• author
    • Randy Graham

    • April 15, 2014 in Columnists

    Mushroom Goulash

    Photo: Randy Graham, Valley Vegetarian

    The origins of goulash have been traced to the 9th century, to stews eaten by Magyar (Hungarian) shepherds. Before setting out with their flocks, the shepherds prepared a portable stock of food by slowly cooking cut-up meats with onions and other flavorings until the liquids had been absorbed. This stew was then dried in the sun and packed into bags made of sheep’s stomachs. At mealtime, water was added to a portion of the meat to reconstitute it, and the stew heated to taste.

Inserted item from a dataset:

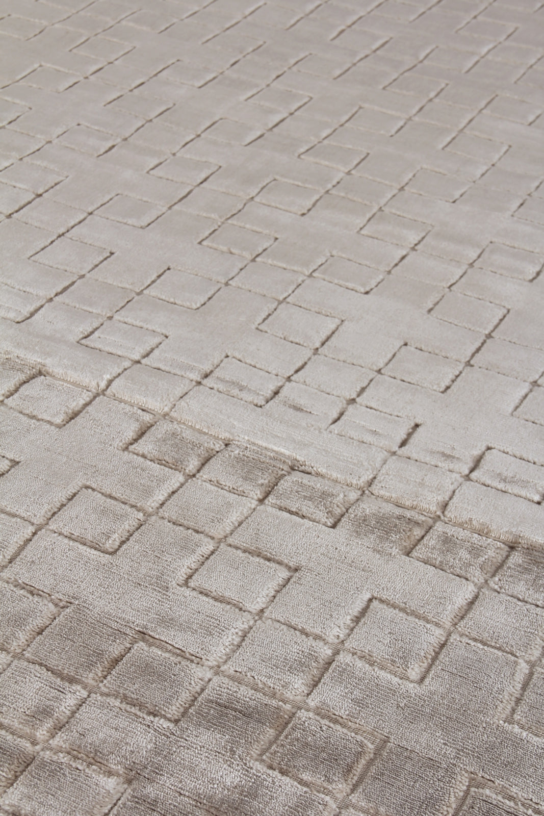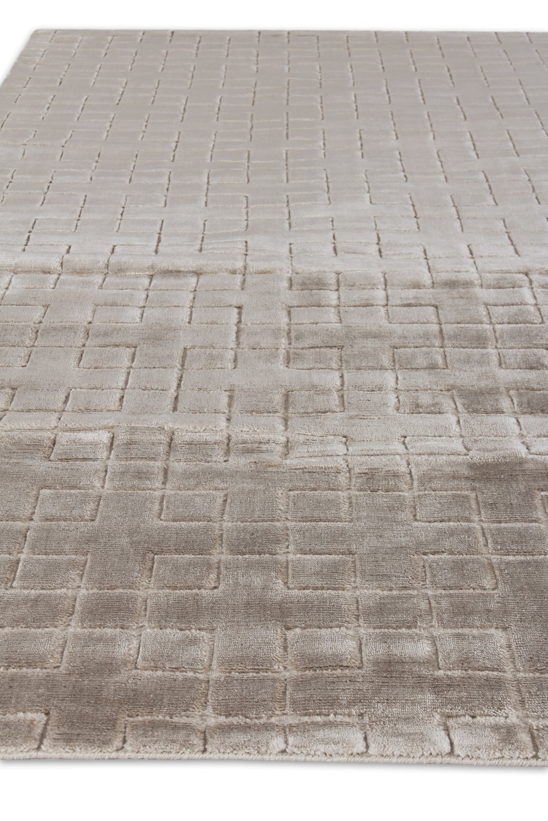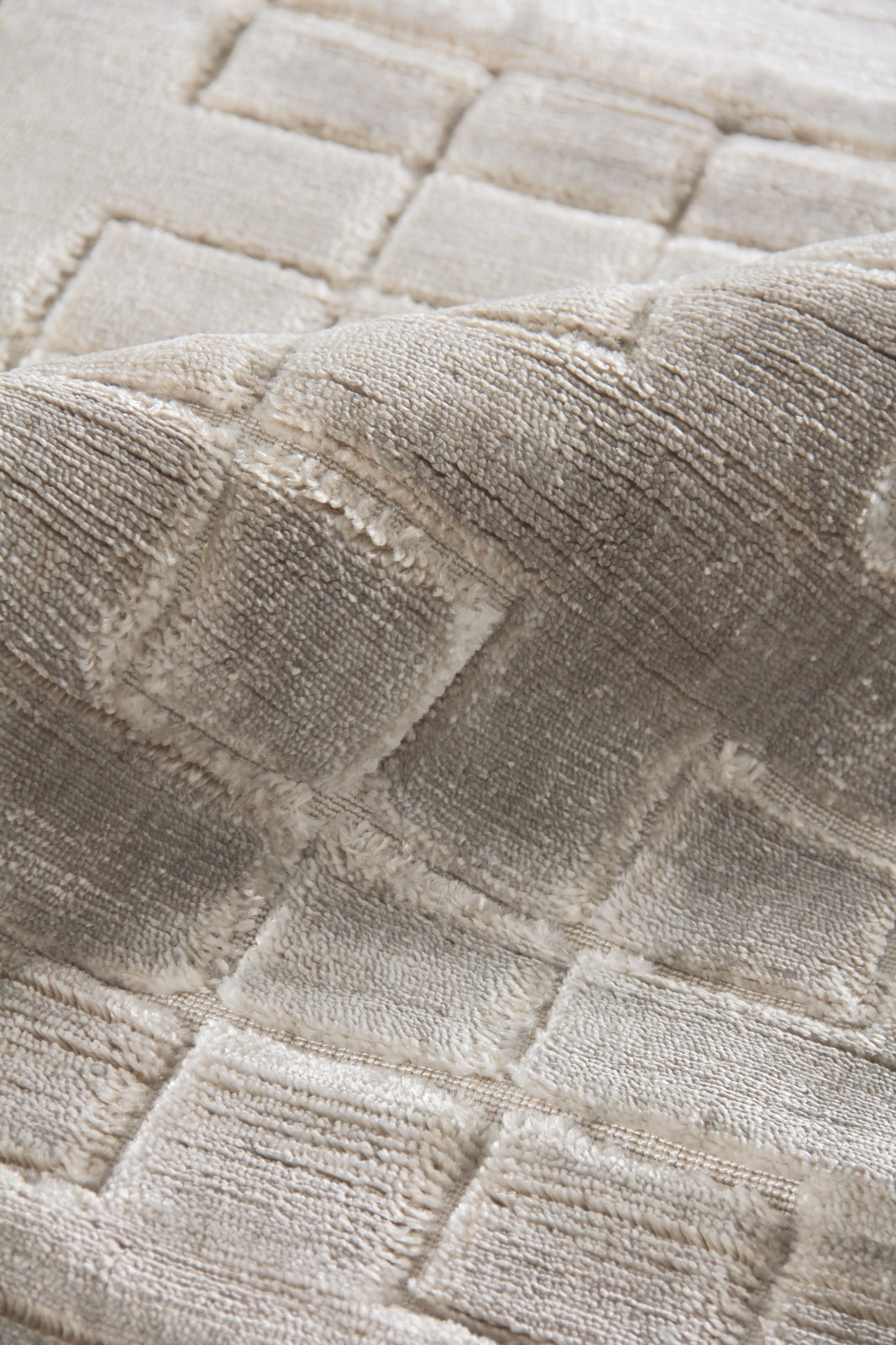 Our Smooch Geo rug is sure to shine in any setting. Each rug in this collection is hand made with fine Bamboo Silk and is designed with a refined textured pattern that is at once dynamic and sophisticated.

    This vegan recipe was inspired by a goulash recipe found in Food and Wine Magazine. It features two types of mushrooms, onions, Yukon Gold potatoes, Hungarian peppers and sweet Hungarian paprika. If you can’t find Hungarian wax peppers, substitute banana wax peppers and add a teaspoon of cayenne pepper to the stew.

    ¼ cup extra virgin olive oil
    2 yellow onions (chopped)
    1 pound Hungarian hot wax peppers  (cored, seeded and chopped)
    1½ pounds wild mushrooms (cleaned and cut into 1-inch pieces)
    1½  pounds Cremini mushrooms (cleaned and quartered)
    Salt and fresh ground pepper to taste
    4 garlic cloves (minced)
    1 teaspoon caraway seeds (crushed)
    6 tablespoons sweet Hungarian paprika
    1  28-ounce can diced tomatoes
    2 medium Yukon Gold potatoes (peeled and cut into 1-inch pieces)
    3 small saucer squash (cut into 1-inch pieces)
    6 cups vegetable broth
    2 bay leaves
    2 tablespoons fresh breadcrumbs

    For non-vegans:
    Sour cream and chopped parsley (for garnish)

    Heat the oil in a large pot over medium heat. Add the onions and peppers and cook for about 6 minutes. Add the mushrooms, season with salt and pepper, and cook on medium-high heat until for about 8 to 10 minutes or until reduced and browned.

    Add the garlic and caraway seeds to the pot. Stir in paprika, tomatoes, potatoes and squash. Add the broth and bay leaves, season with salt and pepper (if needed), and bring to a boil. Cover and cook over low heat for about an hour, stirring once or twice.

    Add breadcrumbs and cook until slightly thickened. To serve, ladle goulash into bowls and garnish with a sprinkle of chopped parsley. If you are a lacto-ovo vegetarian, try a dollop of sour cream on top too.